Fantasy Sports Contests Constitute Illegal Gambling, New York Appeals Court Rules

  • A New York appeals court struck down a 2016 law amending the state’s Racing, Pari-Mutuel, Wagering and Breeding Law to legalize interactive fantasy sports (“IFS”) contests.
  • In the decision in White v. Cuomo, No. 528026, the court held that the 2016 law violates the state constitution’s ban on gambling because, even though IFS contests require a degree of skill, contestants’ skills cannot eliminate or overcome the significant factor of chance in winning these contests.
  • The court also held that the 2016 law’s revision to the penal code definition of “gambling” to exclude IFS contests must be struck, even though it is not unconstitutional, because it cannot be severed from the portion of the law found unconstitutional.
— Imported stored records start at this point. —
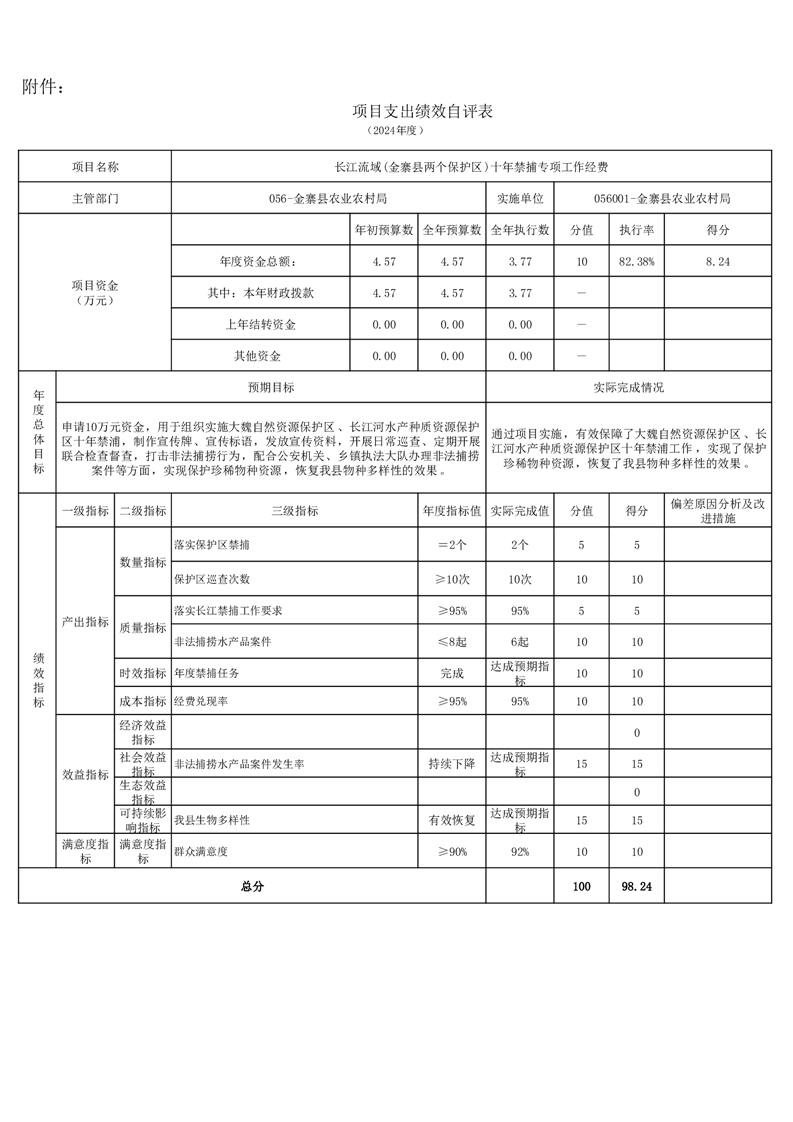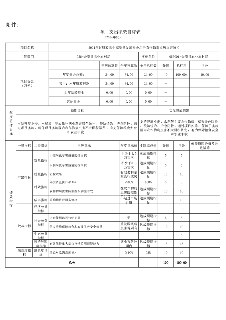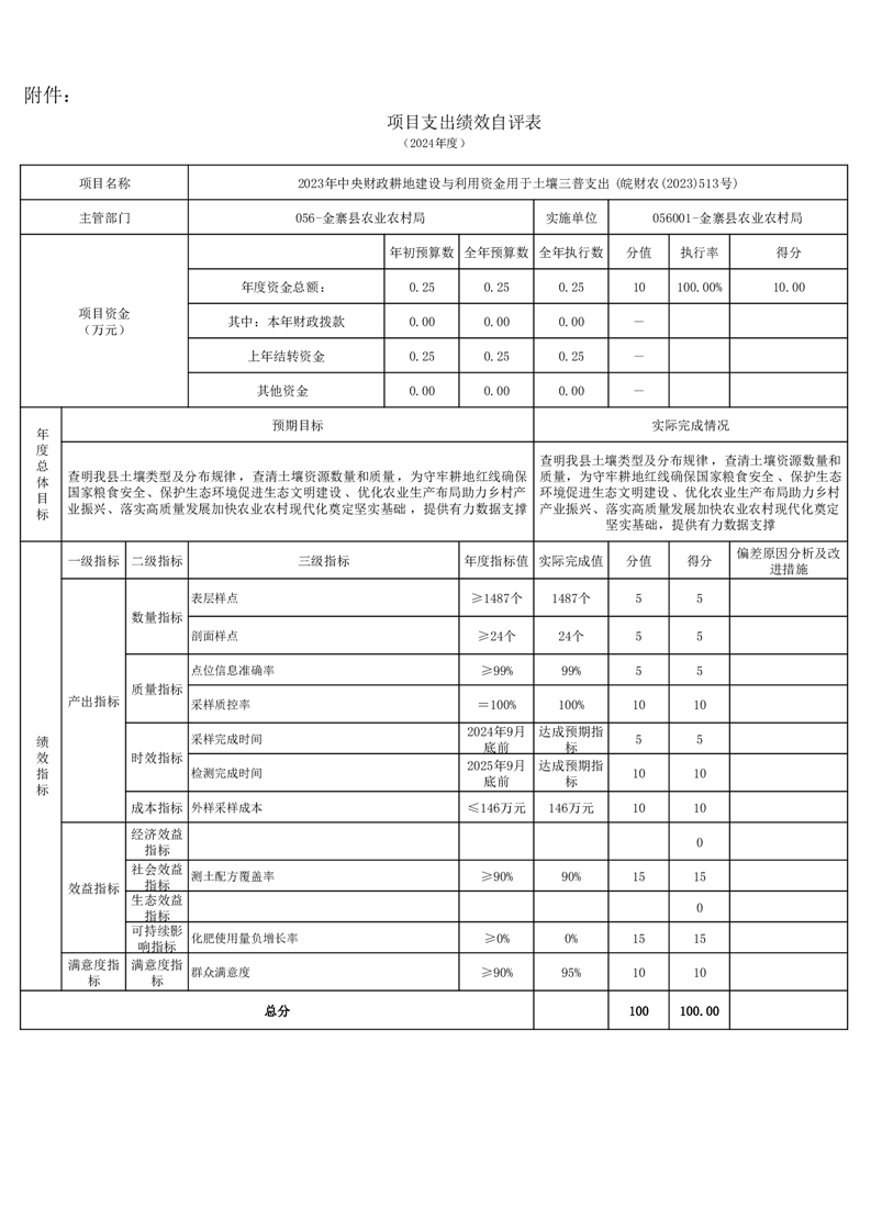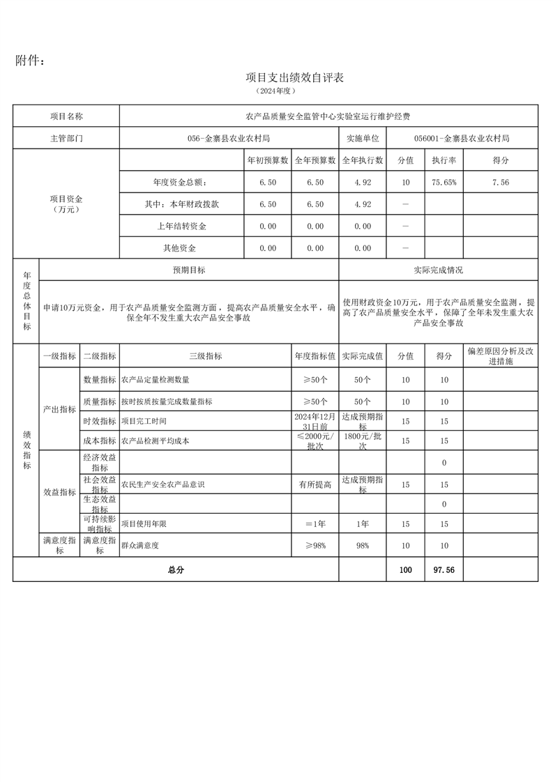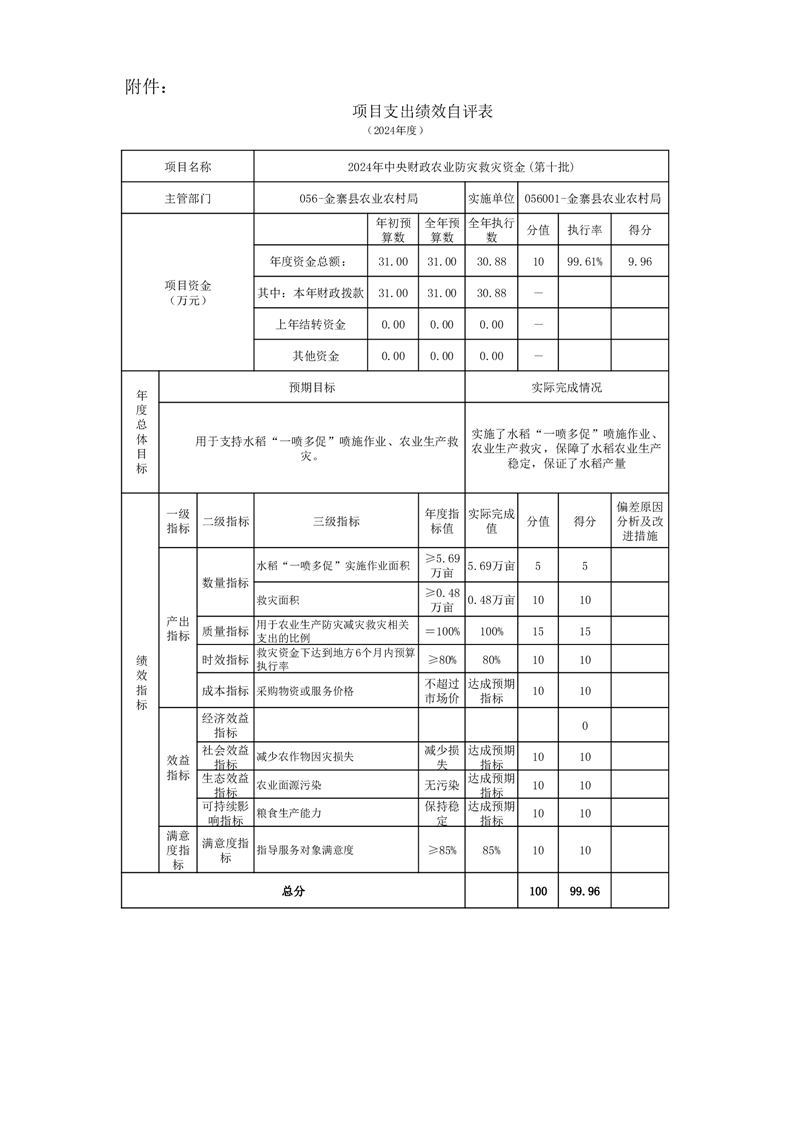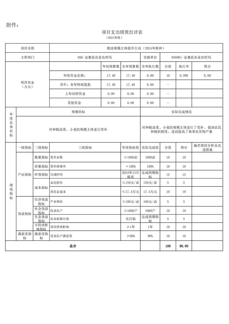 金寨縣農業農村局2024年項目支出績效自評表和自評報告
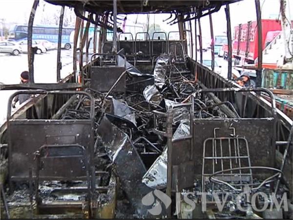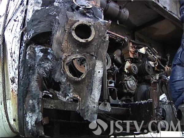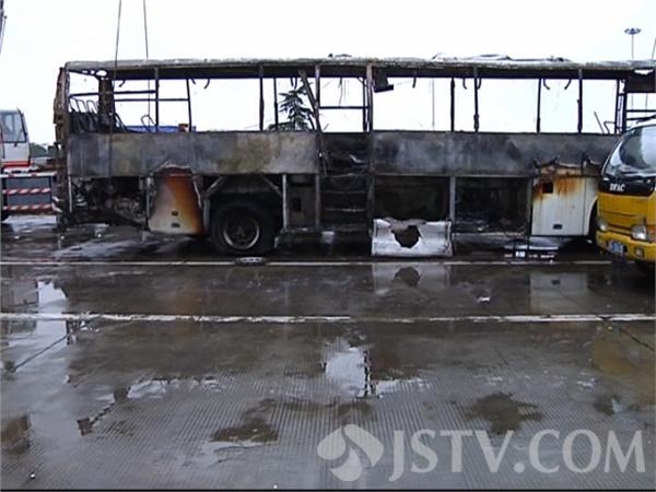 记者赶到现场,事故客车的大火已经被扑灭,车辆被拖离高速,停在附近一处服务区。该车已经被完全烧毁,只剩一个空壳。从现场情况,我们能大致看出当时的猛烈火势。据客车司机倪师傅表示,一开始,他并不知道车尾冒烟了,还在正常行驶。 倪师傅:后面一辆车追过来 超过我 他说你车后冒烟
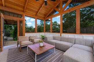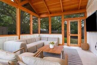 Welcome to this charming Hill Country style farmhouse nestled on an oversized lot just a short walk from historic Main St. The property underwent a meticulous transformation in 2023, blending modern comforts w/ timeless character. Step inside to discover a spacious open concept living, dining & kitchen area that features soaring ceilings, rich wood floors, exposed beams & a stunning floor-to-ceiling stone fireplace flanked by cabinetry. The chef’s kitchen is a dream, boasting solid surface counters, a Sub-Zero refrigerator, stainless steel appliances, a Wolf gas range, a wine refrigerator & a large sit-at island perfect for cooking & entertaining. This home offers two primary suites, each with beautifully renovated bathrooms & ample closet space. A flexible sunroom overlooks the lush, perfectly landscaped yard providing a peaceful retreat. The impressive screened porch offers even more space to relax & enjoy the outdoors. With abundant storage & thoughtful updates, this property is the perfect blend of luxury & convenience. Don't miss this exquisite farmhouse. More Information: https://www.adamccarroll.com/listings/205-e-centre/
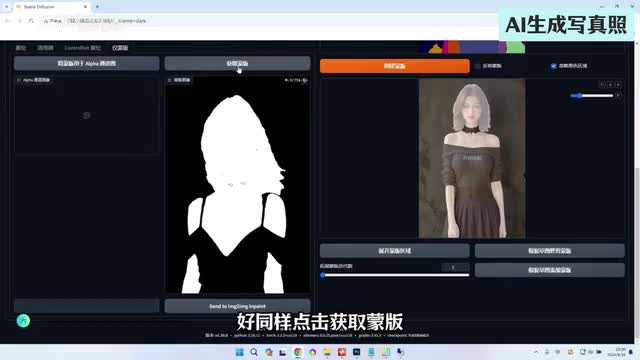 呃,通过这个插件,我们可以来进行门板的快速处理。我们并不需要过度数这样的一个专业工具。好,来到旁边的色块图当中,我们点击头发,点击人物面部的一些内容,然后点击创建门板。好,这个时候的话呢呃我们有一些瑕疵,可以通过进一步的一个修剪。好,接下来的话呢,我们来到景文版选项,点击获取文版。
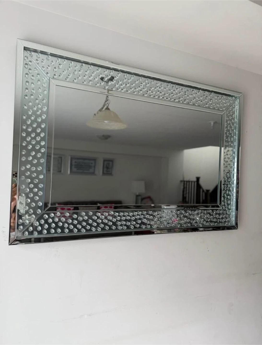 Add a touch of elegance to your home with this beautiful rectangular mirror! The frame is adorned with sparkling beads, giving it a glamorous look. It's in great condition and ready to brighten up any room
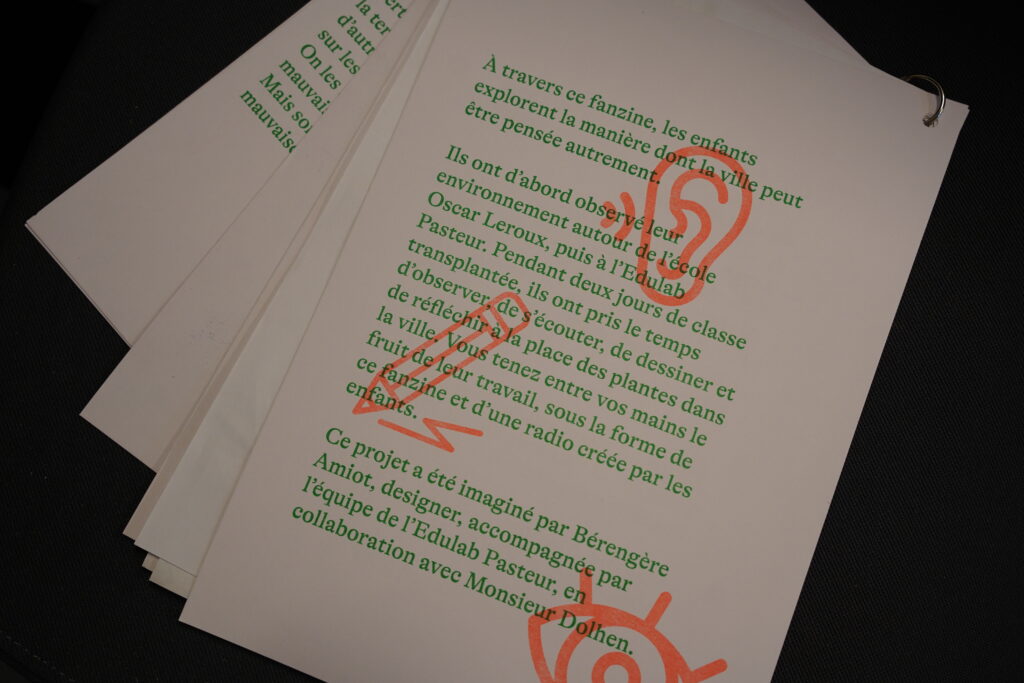 De cette expérience collective est né un fanzine imprimé en risographie avec les enfants : un objet fabriqué de leurs mains, qui porte leurs regards, leurs questions et leurs imaginaires. Il est accompagné de podcasts et d’une radio entièrement créés par eux, donnant ainsi une voix sonore à leur exploration du territoire.
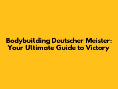 Bodybuilding: Deutscher Meister - Your Guide To Success
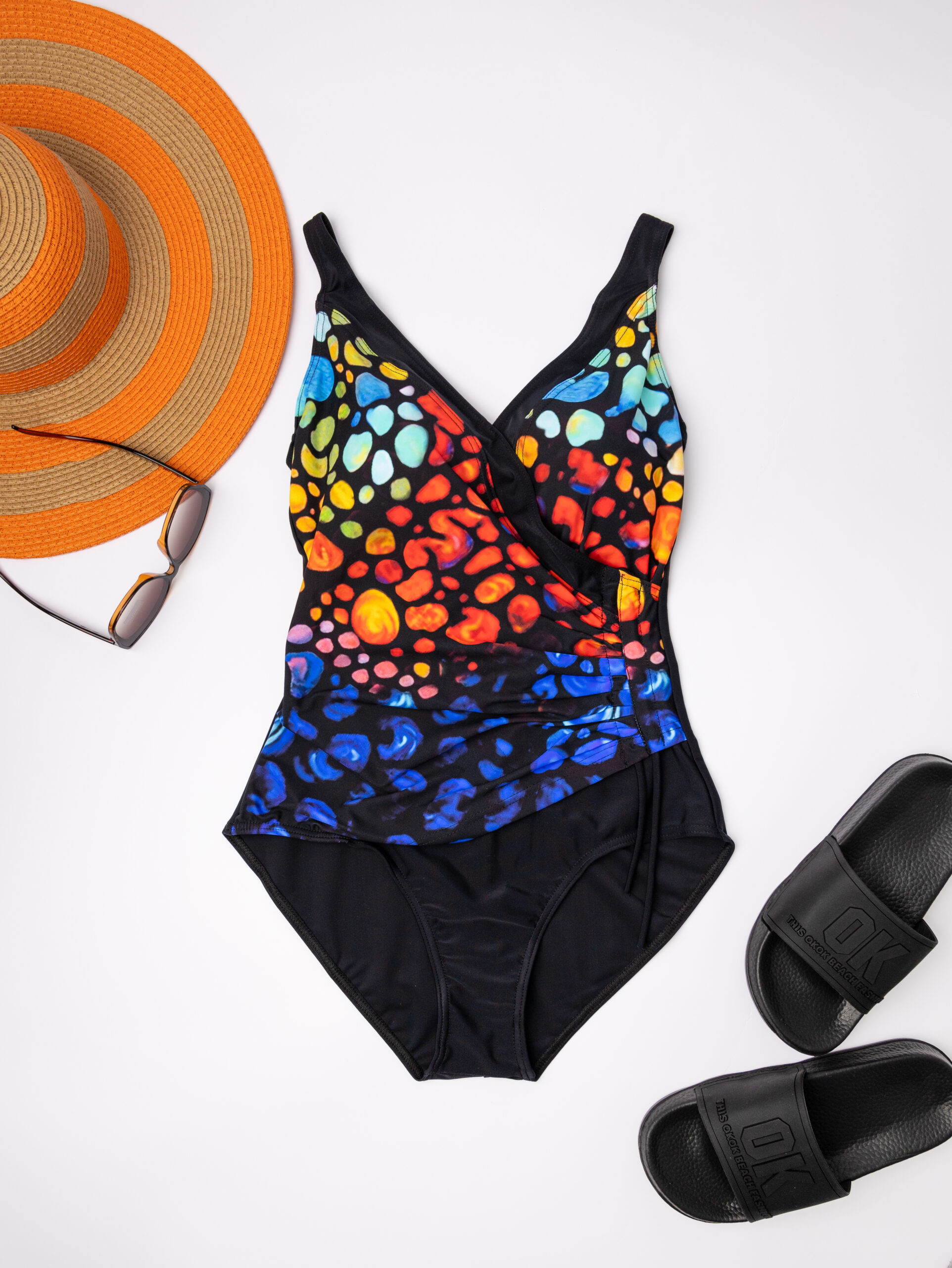 Melna, Neona oranža, Zila
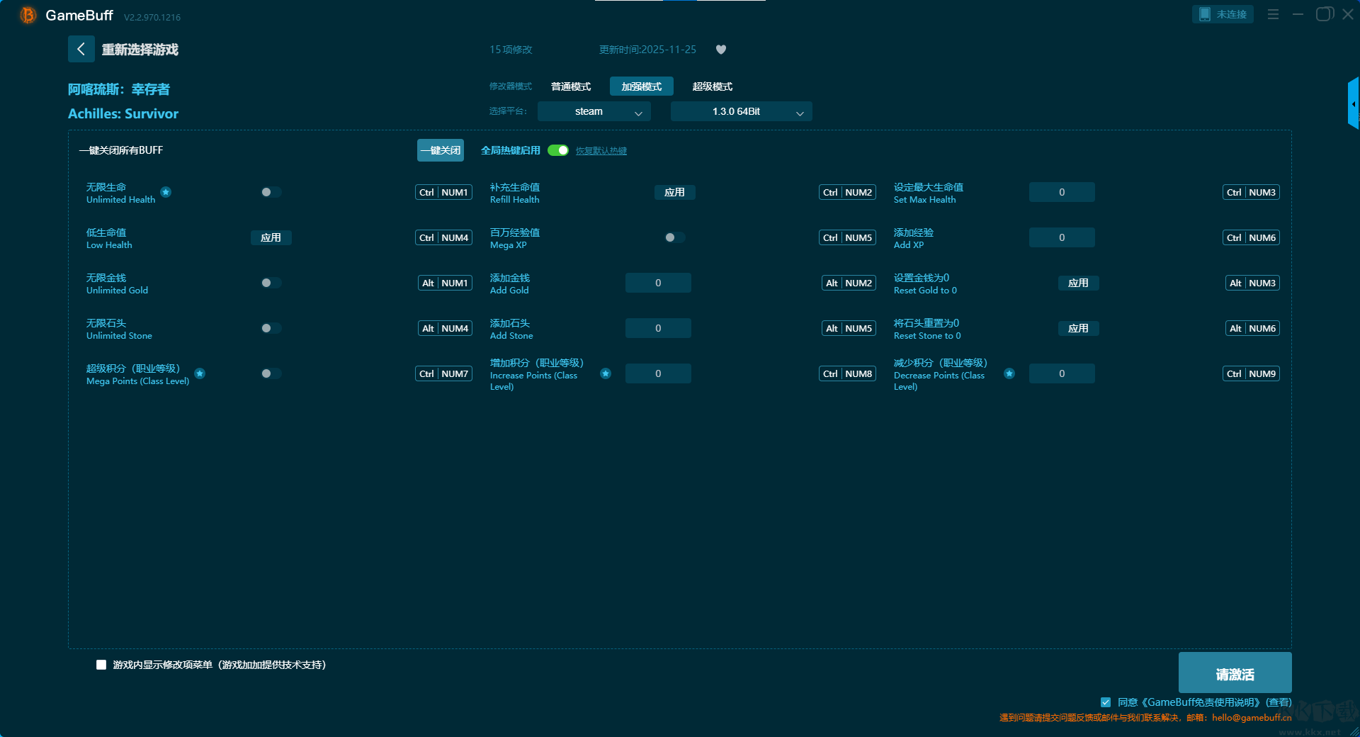 阿喀琉斯幸存者二十七项修改器pc最终版加强模式 (支持 15 项修改,不支持联网模式)
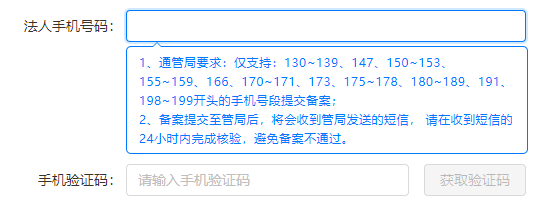 仅支持以下号码开头备案,如您的手机号不属于下列号码开头,请更换其他手机号码填写。
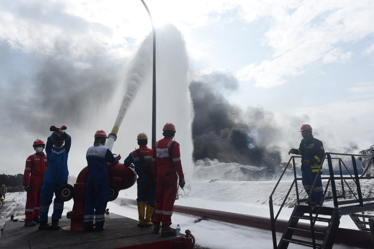 Pertamina said in a statement that by Wednesday afternoon, fires in all four affected storage units have been extinguished. Videos posted online showed massive flames and a huge black column of smoke rising from the site.
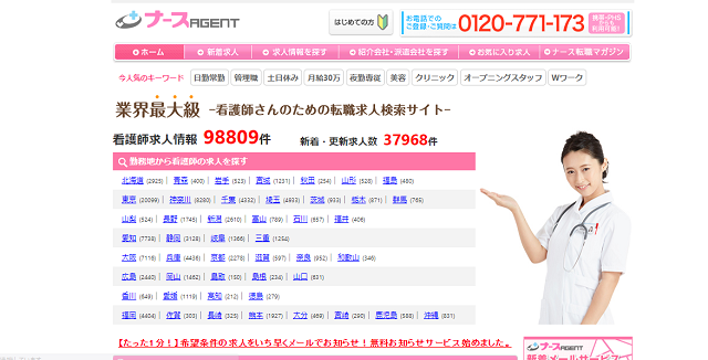 | ナースエージェント | 求人数は業界最大級の100,000件超え!コラム等のコンテンツが充実しているのも魅力。 |

Consumer Financial Protection Bureau

CFPB Reminder to Lenders: You Can’t Collect on Illegal Loans

  • The Consumer Financial Protection Bureau (“CFPB”) reached a settlement with lender and loan collector Think Finance, LLC and six related subsidiaries (collectively, “Think Finance”) to resolve allegations that Think Finance engaged in illegal loan collection practices in violation of the Dodd-Frank Wall Street Reform and Consumer Protection Act of 2010.
  • In the amended complaint, the CFPB alleged that Think Finance, in affiliation with tribal lenders, operated an enterprise that offered and collected online installment loans and online lines of credit nationwide, even though the loans offered were partially or completely void in 17 states. The CFPB further alleged that Think Finance made deceptive demands to consumers, illegally removed funds from consumers’ accounts, and provided substantial assistance to two debt collection companies that also engaged in illegal debt collection practices.
  • Under the terms of the proposed stipulated final consent order, which is a component of a global resolution of a Think Finance bankruptcy proceeding that also includes settlements with Pennsylvania AG Josh Shapiro and a consumer class action lawsuit, Think Finance will be barred from offering or collecting on loans in any state where the loan violates state lending laws, among other things. The global resolution will also establish a fund for consumer redress, and it is anticipated that distributions from the fund will reach over $39 million.

Data Privacy & Security

California AG Offers Clarifying Tweaks to Proposed CCPA Regulations

  • California AG Xavier Becerra issued revised proposed regulations under the California Consumer Privacy Act (“CCPA”), which went into effect January 1, 2020.
  • Among other things, the revised proposed regulations clarify how businesses may determine whether the information they handle is “personal information” for the purposes of the CCPA, and specify that businesses cannot use “personal information” for any purpose that is “materially different than disclosed in the notice of collection” – a less stringent standard than the standard specified in the original regulations.
  • The deadline to submit written comments regarding the regulatory update is February 25, 2020. The AG cannot bring an enforcement action under the CCPA until July 1, 2020.

Consumer Protection

FTC Busts a Fantasy: Pills That Promise Youth Allegedly Don’t Deliver

  • The Federal Trade Commission (“FTC”) reached settlements with supplement company Quantum Wellness Botanical Institute, LLC and its officer (collectively “Quantum Wellness”) and Maria Gutierrez Veloso (“Veloso”) to resolve allegations that they deceptively marketed a pill as a cure-all for age-related conditions in violation of the FTC Act.
  • In the complaint, the FTC alleges that first Veloso, then Quantum Wellness aggressively advertised ReJuventation, a pill containing amino acids and herbal extracts that they claimed – without substantiation – could reverse the aging process by increasing human growth hormone, and reverse a number of conditions including Alzheimer’s disease and wrinkles.
  • The stipulated orders against Quantum Wellness and Veloso, among other things, enjoin them from making health claims that are not substantiated by scientific evidence, and impose partially suspended judgments totaling $3.4 million with required payments totaling $660,000 to the FTC, which the FTC may use to provide refunds to defrauded consumers.